## PROBLEM STATEMENT
Exact copy, no pictures: return only the lines below from the line with "被神化的影視人物手持道具擺出最經典的姿勢,睥視眾生,憐憫、傲慢與悲情悉數展現。" up to and including the line with "x 6.5 feet).".

## SUPPLIED DATA
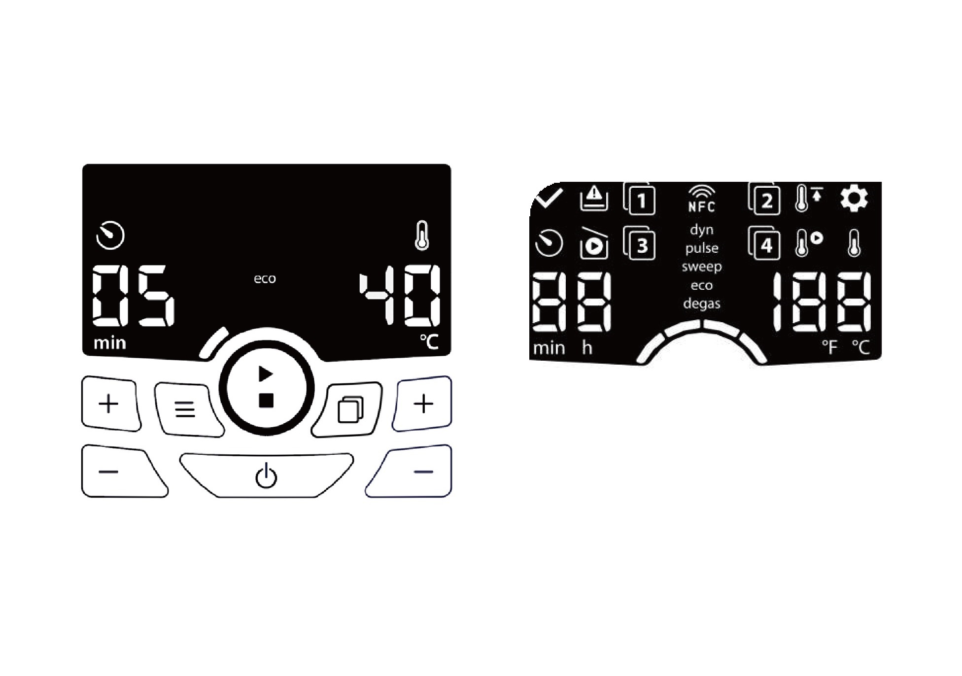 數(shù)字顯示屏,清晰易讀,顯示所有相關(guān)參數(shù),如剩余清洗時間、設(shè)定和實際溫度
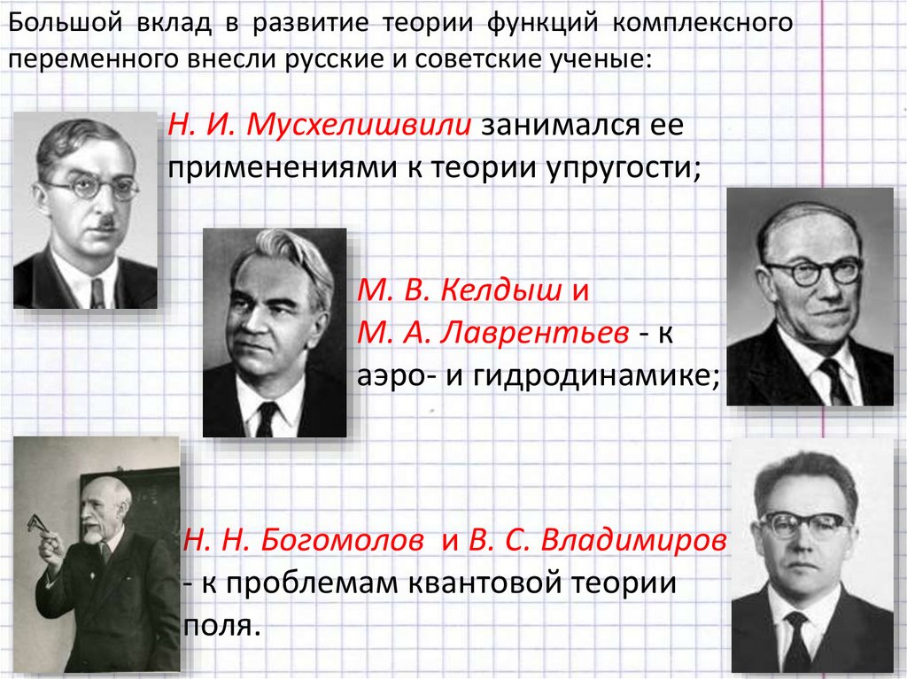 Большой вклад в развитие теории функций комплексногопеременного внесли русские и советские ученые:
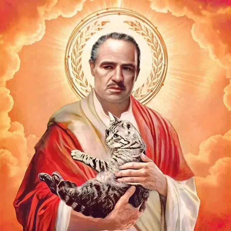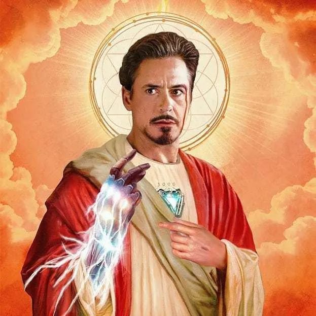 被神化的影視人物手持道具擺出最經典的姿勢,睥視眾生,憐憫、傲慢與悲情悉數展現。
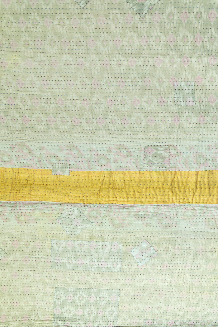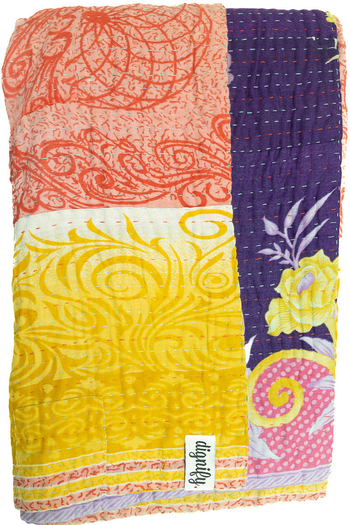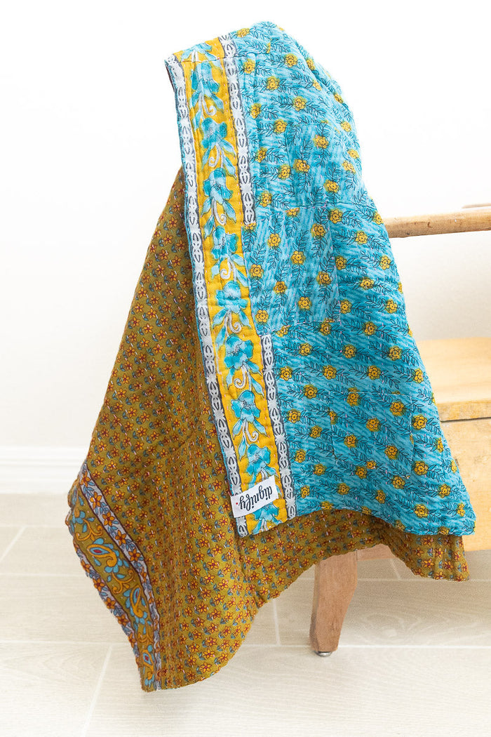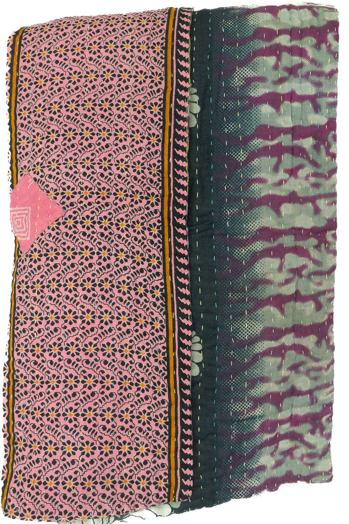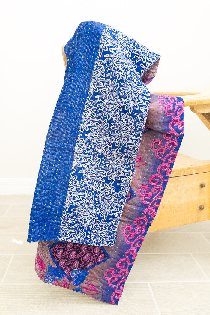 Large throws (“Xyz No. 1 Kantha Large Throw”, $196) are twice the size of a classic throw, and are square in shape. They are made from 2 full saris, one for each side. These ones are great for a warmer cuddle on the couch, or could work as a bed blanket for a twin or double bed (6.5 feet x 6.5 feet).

...

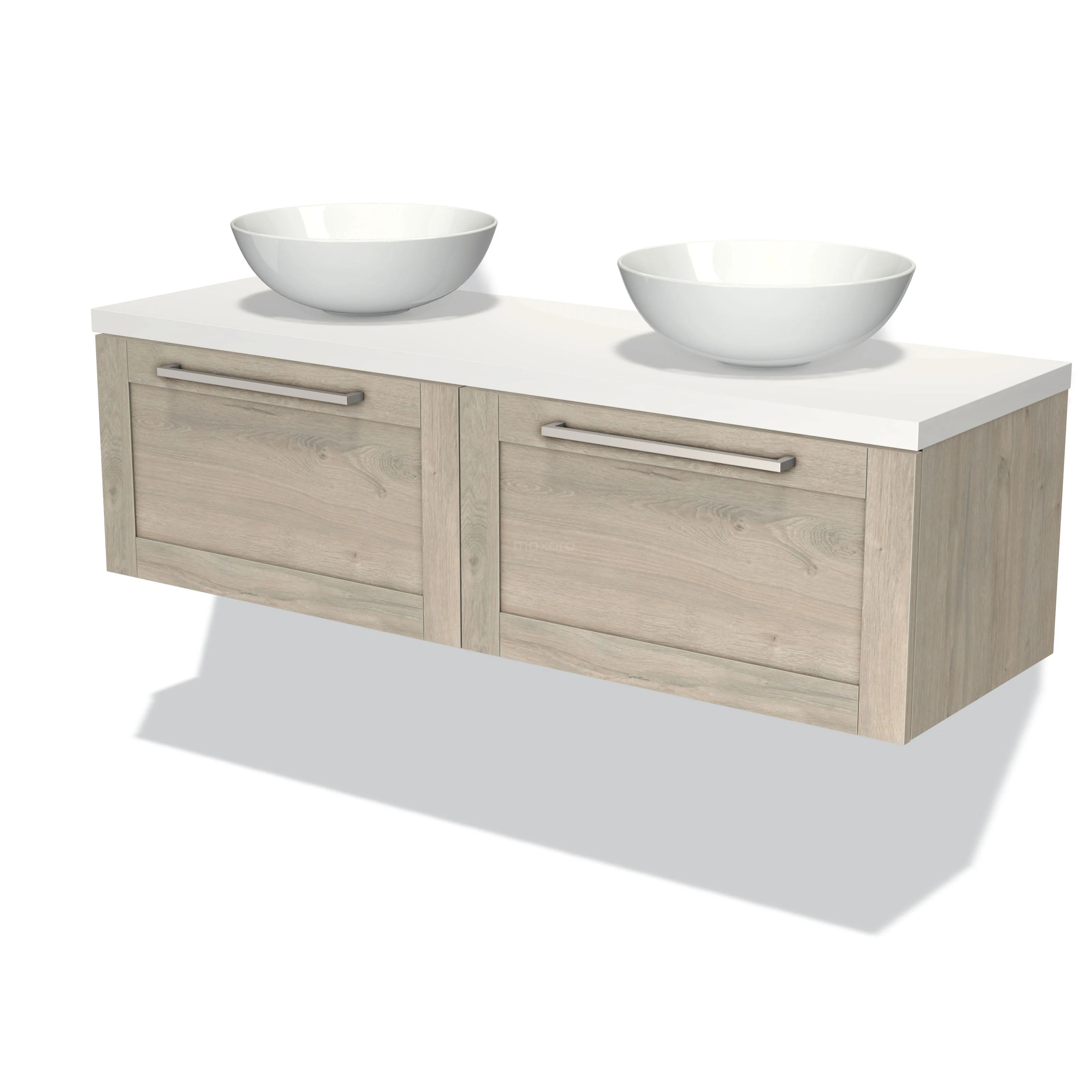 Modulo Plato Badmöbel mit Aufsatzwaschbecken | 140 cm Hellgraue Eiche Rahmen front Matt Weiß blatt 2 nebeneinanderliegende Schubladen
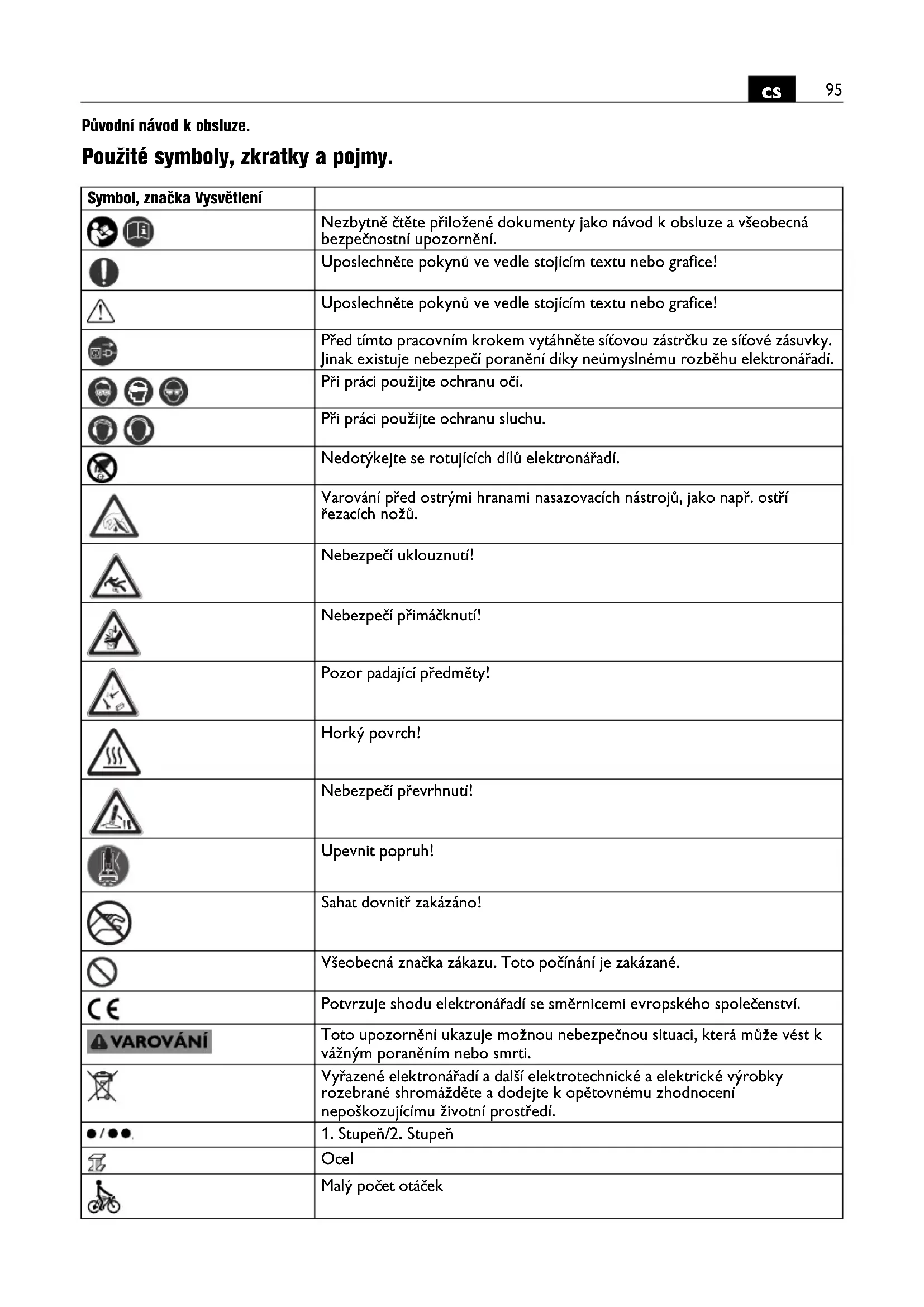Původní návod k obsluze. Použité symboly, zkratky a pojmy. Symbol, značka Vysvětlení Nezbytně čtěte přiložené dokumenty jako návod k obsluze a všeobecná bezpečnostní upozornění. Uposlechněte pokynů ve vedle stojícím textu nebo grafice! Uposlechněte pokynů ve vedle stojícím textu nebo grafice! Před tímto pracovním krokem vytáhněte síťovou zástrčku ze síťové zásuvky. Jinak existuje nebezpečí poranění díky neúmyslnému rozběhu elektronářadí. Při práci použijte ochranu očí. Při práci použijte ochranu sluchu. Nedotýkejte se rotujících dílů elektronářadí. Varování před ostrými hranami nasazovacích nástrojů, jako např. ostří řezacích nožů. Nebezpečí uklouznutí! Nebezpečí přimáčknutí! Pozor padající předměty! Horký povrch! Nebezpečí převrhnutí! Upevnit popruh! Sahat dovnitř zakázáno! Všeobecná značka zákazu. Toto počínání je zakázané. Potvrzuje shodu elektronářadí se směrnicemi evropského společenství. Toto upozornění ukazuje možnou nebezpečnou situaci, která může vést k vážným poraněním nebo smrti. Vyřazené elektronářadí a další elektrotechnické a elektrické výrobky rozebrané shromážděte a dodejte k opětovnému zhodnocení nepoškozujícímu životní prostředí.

* * *

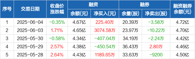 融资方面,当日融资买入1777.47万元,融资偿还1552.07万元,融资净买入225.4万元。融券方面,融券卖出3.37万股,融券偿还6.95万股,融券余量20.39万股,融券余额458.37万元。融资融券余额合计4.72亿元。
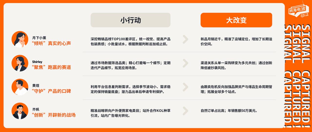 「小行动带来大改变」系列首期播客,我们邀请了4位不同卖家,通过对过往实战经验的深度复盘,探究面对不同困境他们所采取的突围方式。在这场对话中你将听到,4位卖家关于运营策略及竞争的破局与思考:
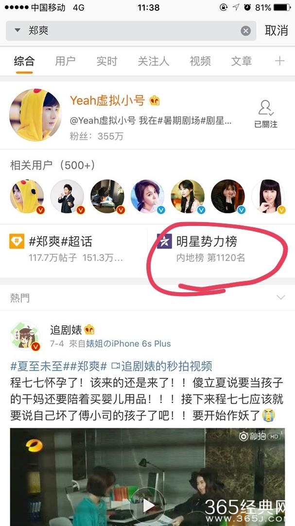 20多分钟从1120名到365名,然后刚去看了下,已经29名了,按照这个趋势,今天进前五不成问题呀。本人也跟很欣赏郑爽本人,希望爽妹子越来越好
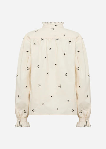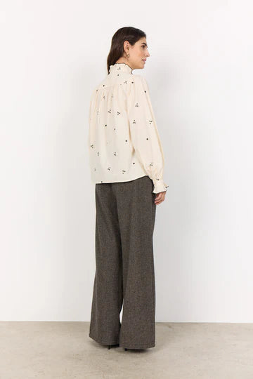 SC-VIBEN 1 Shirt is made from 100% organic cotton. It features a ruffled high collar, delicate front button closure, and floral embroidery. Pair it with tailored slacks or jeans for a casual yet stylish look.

## ANSWER TO THE EXERCISE
 被神化的影視人物手持道具擺出最經典的姿勢,睥視眾生,憐憫、傲慢與悲情悉數展現。
 Large throws (“Xyz No. 1 Kantha Large Throw”, $196) are twice the size of a classic throw, and are square in shape. They are made from 2 full saris, one for each side. These ones are great for a warmer cuddle on the couch, or could work as a bed blanket for a twin or double bed (6.5 feet x 6.5 feet).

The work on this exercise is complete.